::: Given records :::

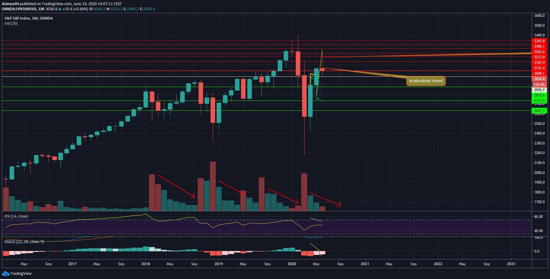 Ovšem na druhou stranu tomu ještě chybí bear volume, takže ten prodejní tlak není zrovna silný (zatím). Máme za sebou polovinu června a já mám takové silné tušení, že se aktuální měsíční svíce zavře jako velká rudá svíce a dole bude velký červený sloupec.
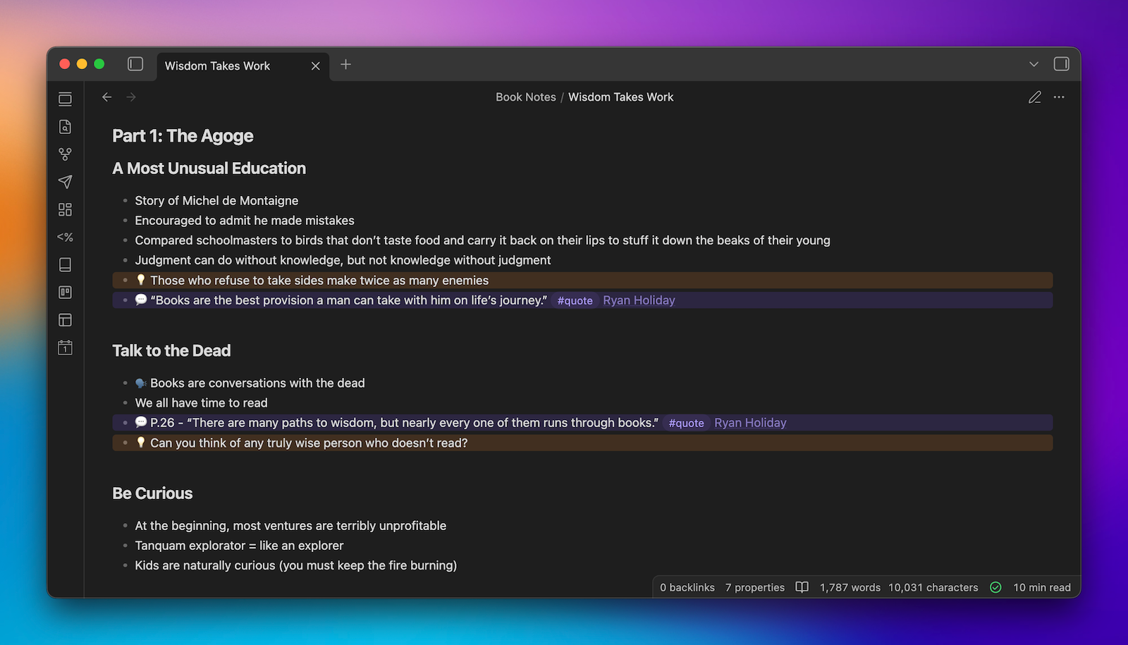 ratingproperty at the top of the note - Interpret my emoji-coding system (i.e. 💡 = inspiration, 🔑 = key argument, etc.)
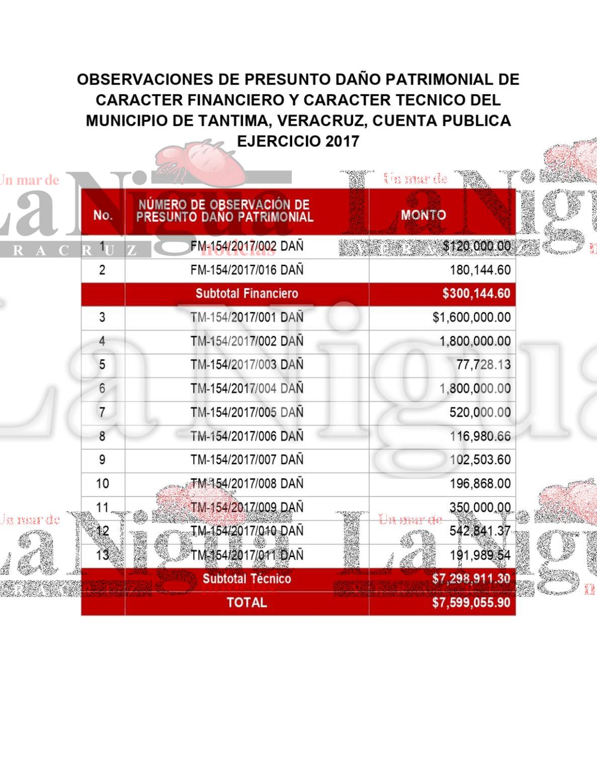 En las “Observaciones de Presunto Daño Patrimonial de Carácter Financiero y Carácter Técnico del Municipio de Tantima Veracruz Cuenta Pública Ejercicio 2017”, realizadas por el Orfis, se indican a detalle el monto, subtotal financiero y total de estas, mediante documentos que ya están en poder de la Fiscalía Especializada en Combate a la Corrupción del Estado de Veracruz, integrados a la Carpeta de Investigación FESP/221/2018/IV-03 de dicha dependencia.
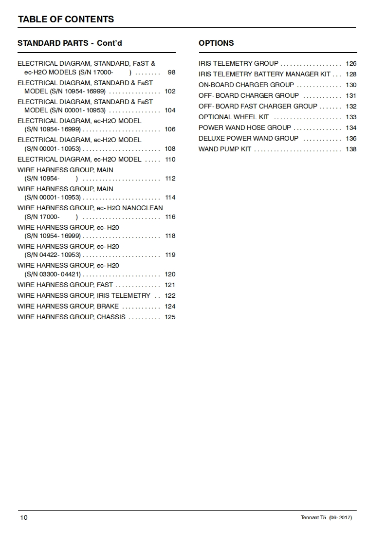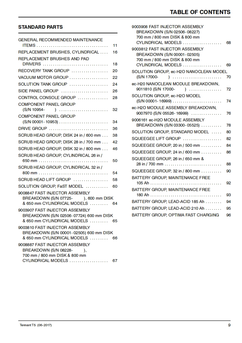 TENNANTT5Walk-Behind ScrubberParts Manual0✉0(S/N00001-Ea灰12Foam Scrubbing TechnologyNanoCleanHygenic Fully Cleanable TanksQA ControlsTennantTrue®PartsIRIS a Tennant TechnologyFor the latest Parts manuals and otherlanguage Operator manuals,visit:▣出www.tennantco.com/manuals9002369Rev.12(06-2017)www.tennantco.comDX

:::
::: Given records :::

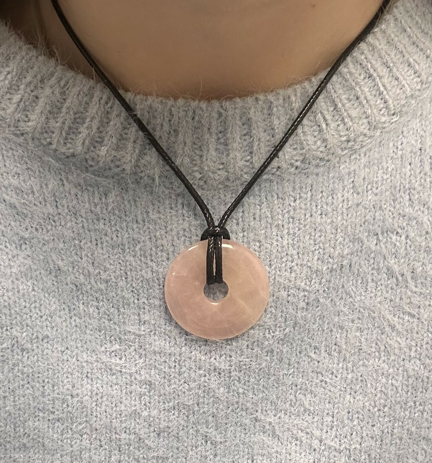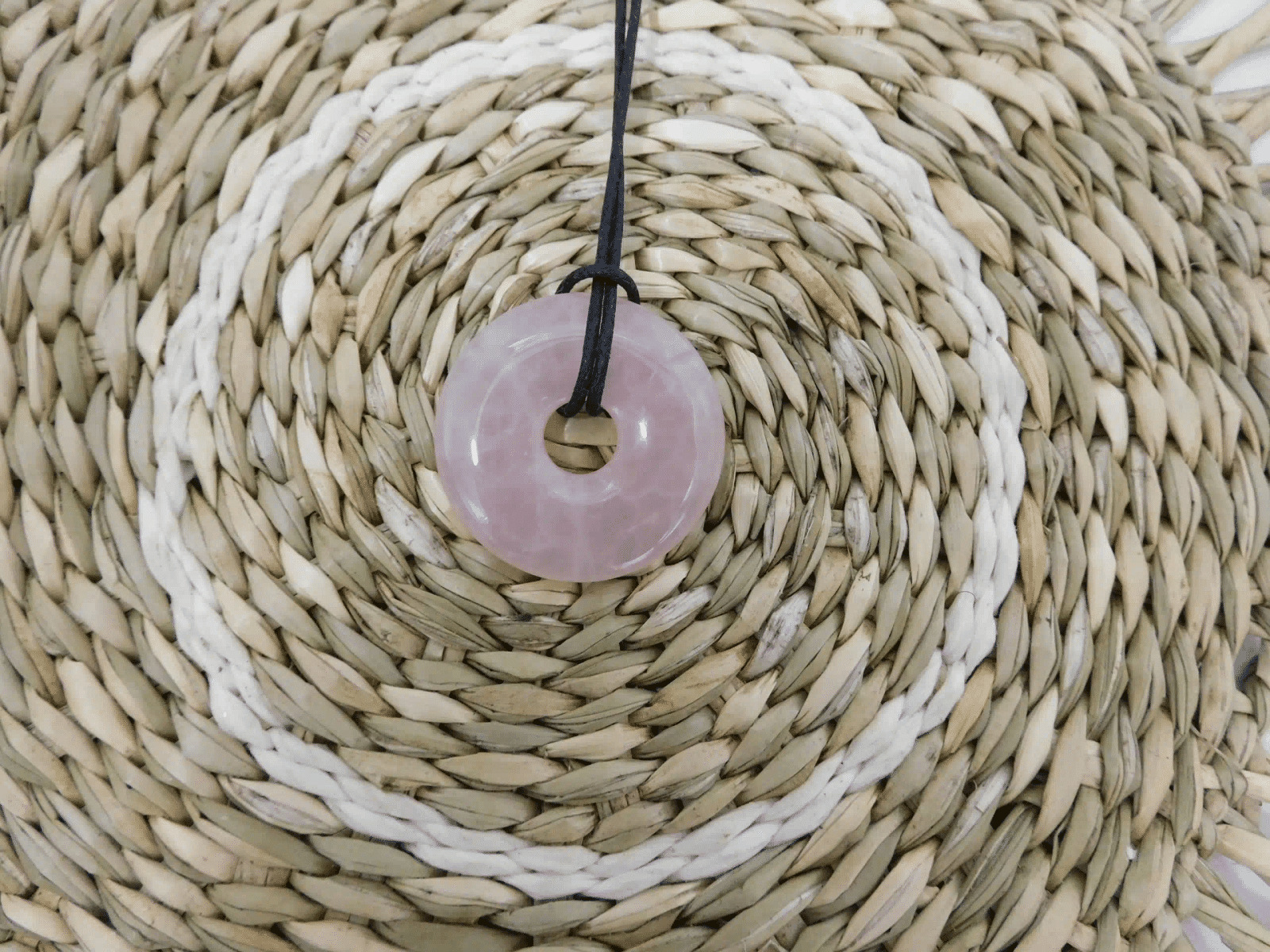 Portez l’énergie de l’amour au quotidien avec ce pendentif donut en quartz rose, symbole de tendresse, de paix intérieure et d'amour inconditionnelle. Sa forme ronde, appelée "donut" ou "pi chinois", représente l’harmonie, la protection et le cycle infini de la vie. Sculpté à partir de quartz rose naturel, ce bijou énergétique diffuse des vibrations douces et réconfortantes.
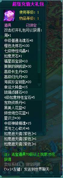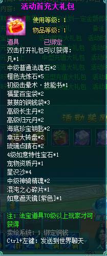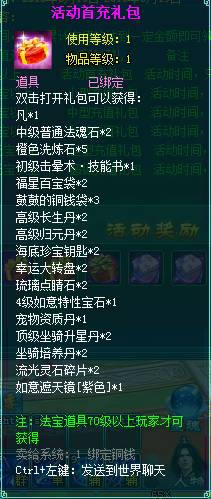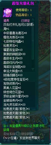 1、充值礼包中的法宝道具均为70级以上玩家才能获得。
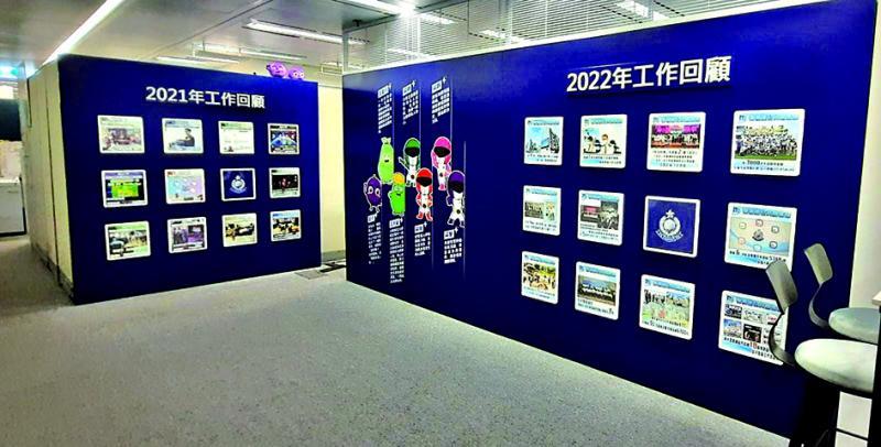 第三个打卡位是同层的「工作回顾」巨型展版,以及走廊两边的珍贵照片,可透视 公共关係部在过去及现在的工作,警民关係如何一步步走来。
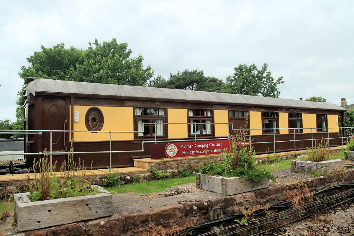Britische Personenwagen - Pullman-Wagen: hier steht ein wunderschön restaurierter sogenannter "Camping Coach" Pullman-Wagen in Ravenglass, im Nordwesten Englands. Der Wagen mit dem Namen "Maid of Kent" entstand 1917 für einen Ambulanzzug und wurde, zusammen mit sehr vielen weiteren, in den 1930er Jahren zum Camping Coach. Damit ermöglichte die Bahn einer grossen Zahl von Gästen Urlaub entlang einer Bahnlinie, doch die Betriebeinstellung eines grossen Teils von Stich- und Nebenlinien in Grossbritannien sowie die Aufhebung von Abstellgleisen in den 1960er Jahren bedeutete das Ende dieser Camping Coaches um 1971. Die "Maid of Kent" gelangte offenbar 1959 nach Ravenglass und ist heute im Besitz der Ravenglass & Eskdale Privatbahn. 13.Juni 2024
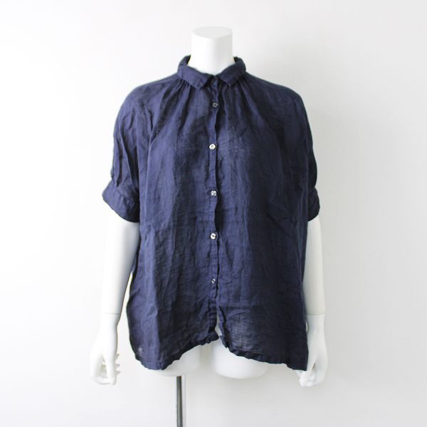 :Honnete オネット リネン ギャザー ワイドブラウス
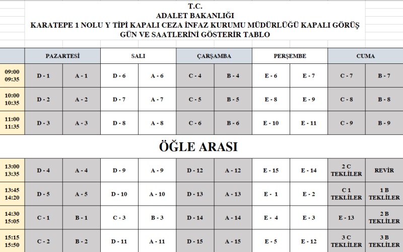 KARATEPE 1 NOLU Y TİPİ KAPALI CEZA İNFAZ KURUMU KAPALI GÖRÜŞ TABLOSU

:::

_Problem statement_
Print the part of the listing above that opens with the line containing "第三个打卡位是同层的「工作回" and closes with the line containing "KARATEPE 1 NOLU". Copy it exactly, both ends included, and omit the pictures.

_Completed exercise_
 第三个打卡位是同层的「工作回顾」巨型展版,以及走廊两边的珍贵照片,可透视 公共关係部在过去及现在的工作,警民关係如何一步步走来。
Britische Personenwagen - Pullman-Wagen: hier steht ein wunderschön restaurierter sogenannter "Camping Coach" Pullman-Wagen in Ravenglass, im Nordwesten Englands. Der Wagen mit dem Namen "Maid of Kent" entstand 1917 für einen Ambulanzzug und wurde, zusammen mit sehr vielen weiteren, in den 1930er Jahren zum Camping Coach. Damit ermöglichte die Bahn einer grossen Zahl von Gästen Urlaub entlang einer Bahnlinie, doch die Betriebeinstellung eines grossen Teils von Stich- und Nebenlinien in Grossbritannien sowie die Aufhebung von Abstellgleisen in den 1960er Jahren bedeutete das Ende dieser Camping Coaches um 1971. Die "Maid of Kent" gelangte offenbar 1959 nach Ravenglass und ist heute im Besitz der Ravenglass & Eskdale Privatbahn. 13.Juni 2024
 :Honnete オネット リネン ギャザー ワイドブラウス
 KARATEPE 1 NOLU Y TİPİ KAPALI CEZA İNFAZ KURUMU KAPALI GÖRÜŞ TABLOSU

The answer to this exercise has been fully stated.